Corrigenda Are Operations over Operations
Not editorial notes. Higher-order legal-state operations.
A corrigendum (oikaisuilmoitus in Finnish) is a published correction to an enacted text. Most legal information systems treat corrigenda as editorial annotations — purple text, footnotes, or silent corrections applied by consolidation editors.
They are more than that. A corrigendum is a higher-order operation: an operation that modifies a prior amendment operation, not just the base statute text.
Why this matters
Consider an amendment A that changes section 12 of a statute. A corrigendum C is published correcting the text of amendment A. The question is: what is the correct state of section 12?
If you model corrigenda as flat editorial corrections to the consolidated text, you get the right answer for "what does the text say now?" but you lose:
- The provenance chain — which version of the amendment instruction produced the current text
- The temporal semantics — the corrigendum was published at time T₂, but may correct an amendment published at T₁. Whether the correction is retroactive, prospective, or merely evidential depends on the jurisdiction and correction type.
- The composition — if another amendment B was applied between T₁ and T₂, and B was based on reading the uncorrected text of A, the interaction is invisible in a flat model.
In a compiler model, a corrigendum is: C : A → A', where A is the original amendment and A' is the corrected amendment. The replay engine then applies A' instead of A, producing different state from the same source chain.
Bitemporal consequences
Corrigenda create bitemporal situations:
- Transaction time — when the corrigendum was published
- Valid time — the point in legal history it retroactively corrects
Before the corrigendum, the observable publication surface is the state produced by A. After the corrigendum, the system may need to expose both the original publication-time state and the corrected legal/evidential state.
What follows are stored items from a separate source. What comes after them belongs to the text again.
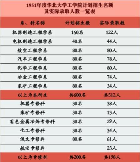 1951年6月,教育部决定全国高校统一招生。华大工学院计划招收本科生600名,专科生200名。在考生可从多所录取高校择一报到的背景下,截止到9月开学,报到学生651人,报到率达到高达91.74%,报考华大工学院的学生数量占全国报考工科大学考生总数40%。全校录取平均成绩位列全国高校首位。
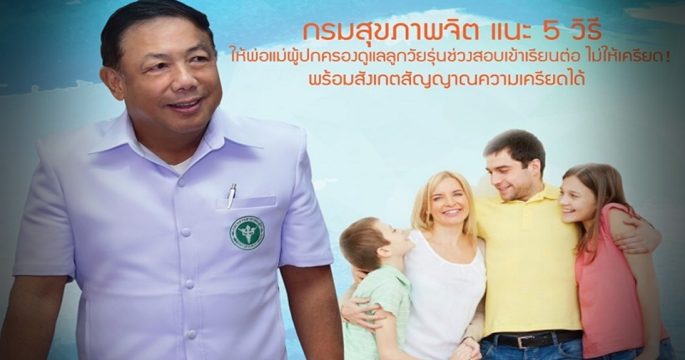 กรมสุขภาพจิตห่วงช่วงสอบเข้าเรียนต่อ แนะ 5วิธีผู้ปกครองดูแลลูกไม่ให้เครียด ‘ให้กำลังใจ-ชื่นชมในความพยายาม-ช่วยแบ่งเวลาอ่านหนังสือ-สอนให้ยอมรับความผิดพลาด’
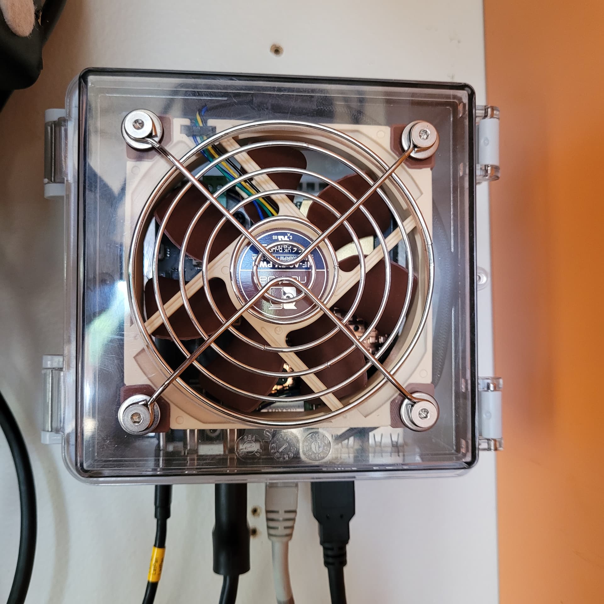 The unit is encased in this shell, size 131x130x75mm, Transparent cover, and cooled by a Noctua 5v PWM 92mm. The video out goes via HDMI to a split screen monitor that my PC is also connected to.

The exact legal consequence is not universal; it must be classified by source regime and correction type.
A flat consolidation system can only show the current corrected state. A replay compiler can show both: the state before correction (for historical queries) and the state after correction (for current queries).
The Finnish corpus
LawVM's Finnish source corpus contains 471 corrigendum entries affecting 180 statutes. These are oikaisuilmoitukset published in Säädöskokoelma — official correction notices.
Finlex's treatment of corrigenda is architecturally interesting: correction notices are published as unstructured PDFs, not as machine-readable XML. The corrected text appears in the consolidated view, but the correction operation itself bypasses the machine-readable publication pipeline entirely. This means:
- The enacted XML contains the uncorrected text
- The consolidated view shows the corrected text
- No machine-readable artifact records the mapping between them
LawVM extracts corrigendum operations from Säädöskokoelma source and applies them as explicit patches to the amendment instruction chain. In the Finnish corpus, corrigendum handling creates a distinct class of replay-vs-Finlex divergences where the source correction layer must be adjudicated explicitly rather than hidden as editorial cleanup.
The paradox
LawVM without corrigendum patches may match Finlex better on the similarity metric, while LawVM with corrigendum patches may better reflect a correction source. That can score worse against Finlex, because the benchmark measures Finlex agreement, not legal correctness.
This is a concrete example of why a single similarity score is misleading. The system that agrees more with the oracle is not always the system that is more correct. The residual taxonomy exists to make this distinction visible.